╭──

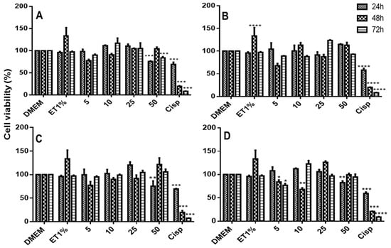 Viability of non-tumoral cells (3T3) as determined by the MTT method after 24, 48, and 72 h of exposure to DMEM (control), ET1% (vehicle), Cisp (50 μM cisplatin as positive control) and 5, 10, 25 and 50 μM of each test sample: 6CN (A) and binary systems obtained by PM (B), KND (C) and ROTA (D). Results were expressed as bar charts showing the mean percentage ± SD (n = 3 for each experimental group). Statistical analyses were performed by one-way ANOVA with Tukey-Kramer post-test using GraphPad Prism version 5.00. A difference in the mean values of of **** p < 0.0001, *** p < 0.001, ** p < 0.01 and * p < 0.05 were considered as statistically significant.
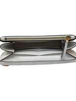 Its clean, optic white design is accented by elegant gold-tone hardware, complementing any outfit—from casual daytime looks to evening ensembles. The magnetic closure keeps your essentials secure while providing easy access.
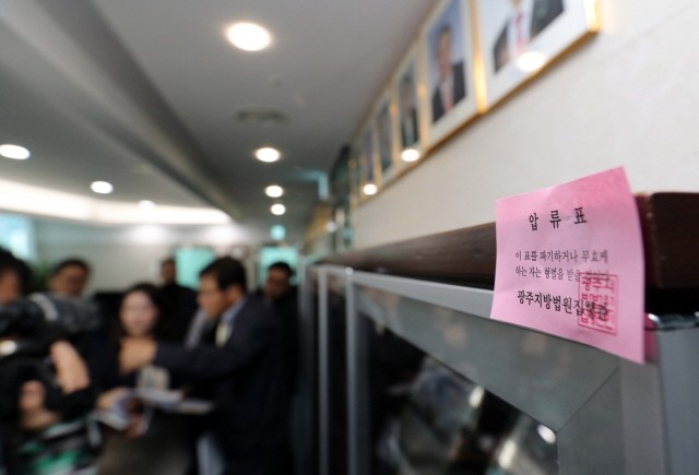 31일 오전 전남 나주시 광주·전남공동혁신도시 내 한국농수산식품유통공사(aT)에 공공기관으로서는 이례적으로 광주지방법원 집행관이 가압류 딱지를 붙이고 있다. aT는 중국업체에 13억원을 선수금을 떼인 국내 무역업체가 aT를 상대로 대금 지급을 요구하는 1심 민사소송에서 최근 폐소했다.
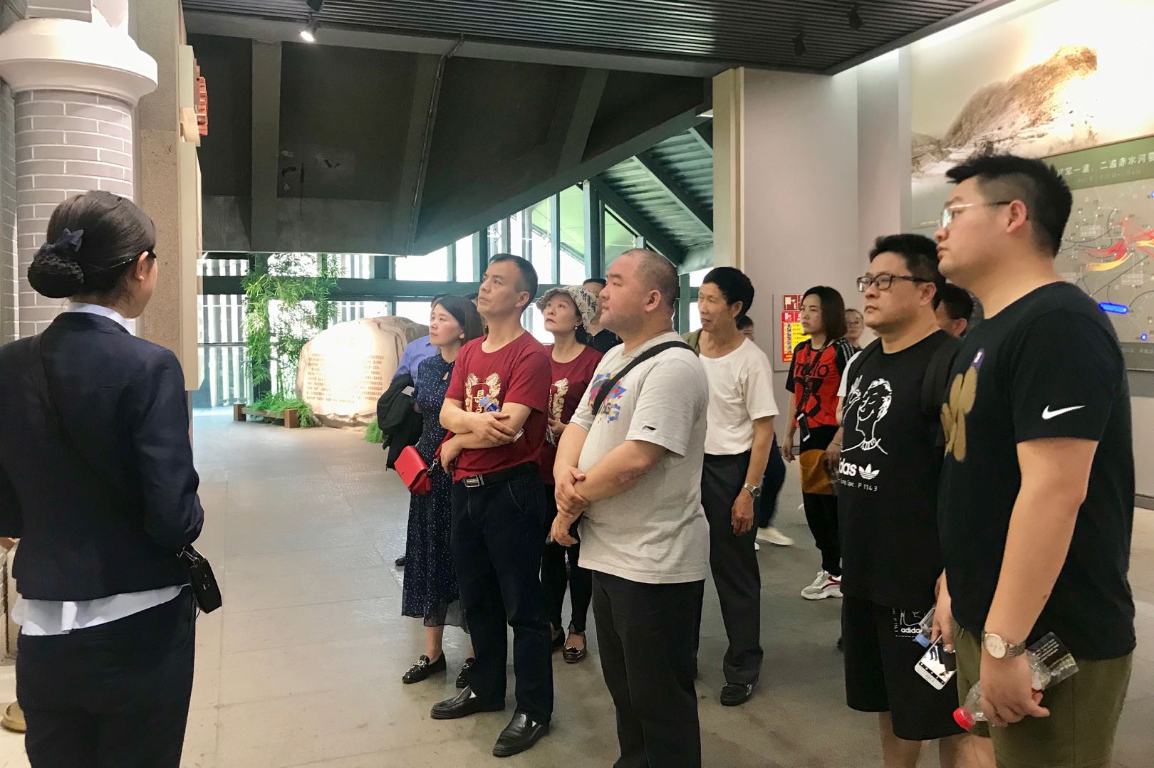 大家认真听讲解员讲解四渡赤水战役历程
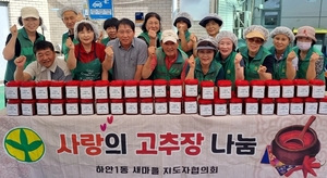 하안1동 새마을부녀회(회장 구미숙)와 새마을지도자협의회(회장 노태봉)는 지난 10일 하안1동 행정복지센터 마당에서 ‘사랑의 고추장 나눔행사’를 열었다고 밝혔다.이날 행사에는 하안1동 새마을부녀회원과 지도자협의회원 20여 명은 직접 고추장을 담가 독거노인과 저소득 가정 등 관내 취약계층 50여 가구에 전달했다.구미숙 회장은 “작년에 이어 올해도 회원들의 따뜻한 마음을 담아 정성스럽게 고추장을 준비했다”며 “무더운 여름을 이겨내느라 고생한 주민들이 맛있게 드시고 건강하게 여름을 마무리하길 바란다”고 전했다.노태봉 회장은 “이번 고추장
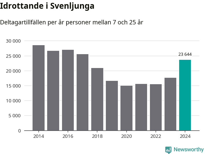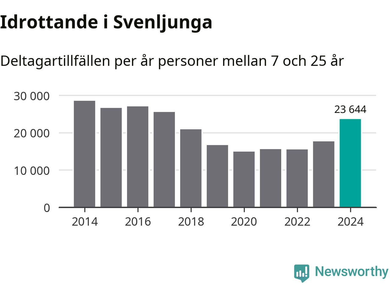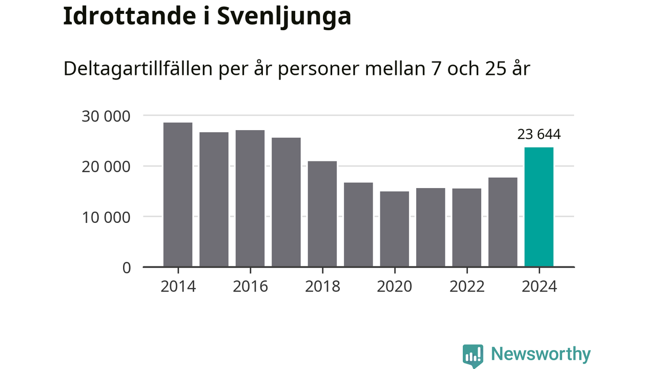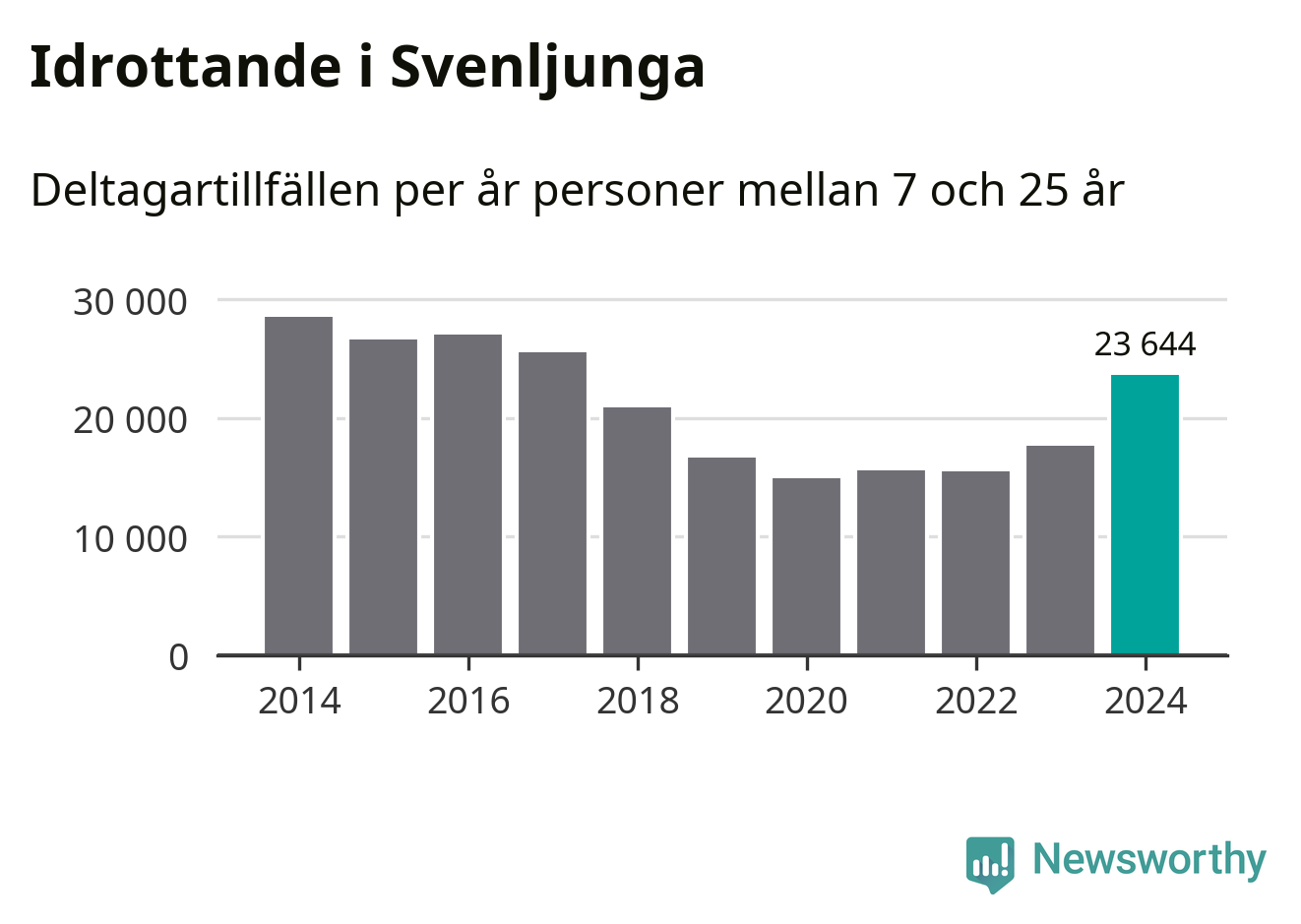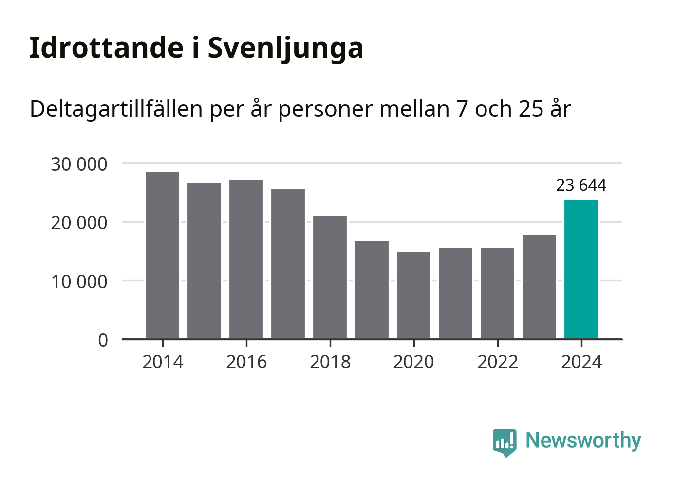 De knappt 24 000 deltagartillfällen innebär att varje invånare i Svenljunga mellan 7 och 25 år i snitt deltog i 11 träningar, matcher eller turneringar under 2024. Det är den lägsta siffran i Västra Götaland. Flest deltagartillfällen per invånare i länet hade Partille kommun med 39 deltagartillfällen per invånare. Värt att nämna är att deltagartillfällena räknas i den kommun föreningen finns, det kan alltså vara ungdomar från en annan kommun som deltar.

╰──

### What is required
Give the listing again word for word, but drop every picture.

### Answer below
 Viability of non-tumoral cells (3T3) as determined by the MTT method after 24, 48, and 72 h of exposure to DMEM (control), ET1% (vehicle), Cisp (50 μM cisplatin as positive control) and 5, 10, 25 and 50 μM of each test sample: 6CN (A) and binary systems obtained by PM (B), KND (C) and ROTA (D). Results were expressed as bar charts showing the mean percentage ± SD (n = 3 for each experimental group). Statistical analyses were performed by one-way ANOVA with Tukey-Kramer post-test using GraphPad Prism version 5.00. A difference in the mean values of of **** p < 0.0001, *** p < 0.001, ** p < 0.01 and * p < 0.05 were considered as statistically significant.
 Its clean, optic white design is accented by elegant gold-tone hardware, complementing any outfit—from casual daytime looks to evening ensembles. The magnetic closure keeps your essentials secure while providing easy access.
 31일 오전 전남 나주시 광주·전남공동혁신도시 내 한국농수산식품유통공사(aT)에 공공기관으로서는 이례적으로 광주지방법원 집행관이 가압류 딱지를 붙이고 있다. aT는 중국업체에 13억원을 선수금을 떼인 국내 무역업체가 aT를 상대로 대금 지급을 요구하는 1심 민사소송에서 최근 폐소했다.
 大家认真听讲解员讲解四渡赤水战役历程
 하안1동 새마을부녀회(회장 구미숙)와 새마을지도자협의회(회장 노태봉)는 지난 10일 하안1동 행정복지센터 마당에서 ‘사랑의 고추장 나눔행사’를 열었다고 밝혔다.이날 행사에는 하안1동 새마을부녀회원과 지도자협의회원 20여 명은 직접 고추장을 담가 독거노인과 저소득 가정 등 관내 취약계층 50여 가구에 전달했다.구미숙 회장은 “작년에 이어 올해도 회원들의 따뜻한 마음을 담아 정성스럽게 고추장을 준비했다”며 “무더운 여름을 이겨내느라 고생한 주민들이 맛있게 드시고 건강하게 여름을 마무리하길 바란다”고 전했다.노태봉 회장은 “이번 고추장
 De knappt 24 000 deltagartillfällen innebär att varje invånare i Svenljunga mellan 7 och 25 år i snitt deltog i 11 träningar, matcher eller turneringar under 2024. Det är den lägsta siffran i Västra Götaland. Flest deltagartillfällen per invånare i länet hade Partille kommun med 39 deltagartillfällen per invånare. Värt att nämna är att deltagartillfällena räknas i den kommun föreningen finns, det kan alltså vara ungdomar från en annan kommun som deltar.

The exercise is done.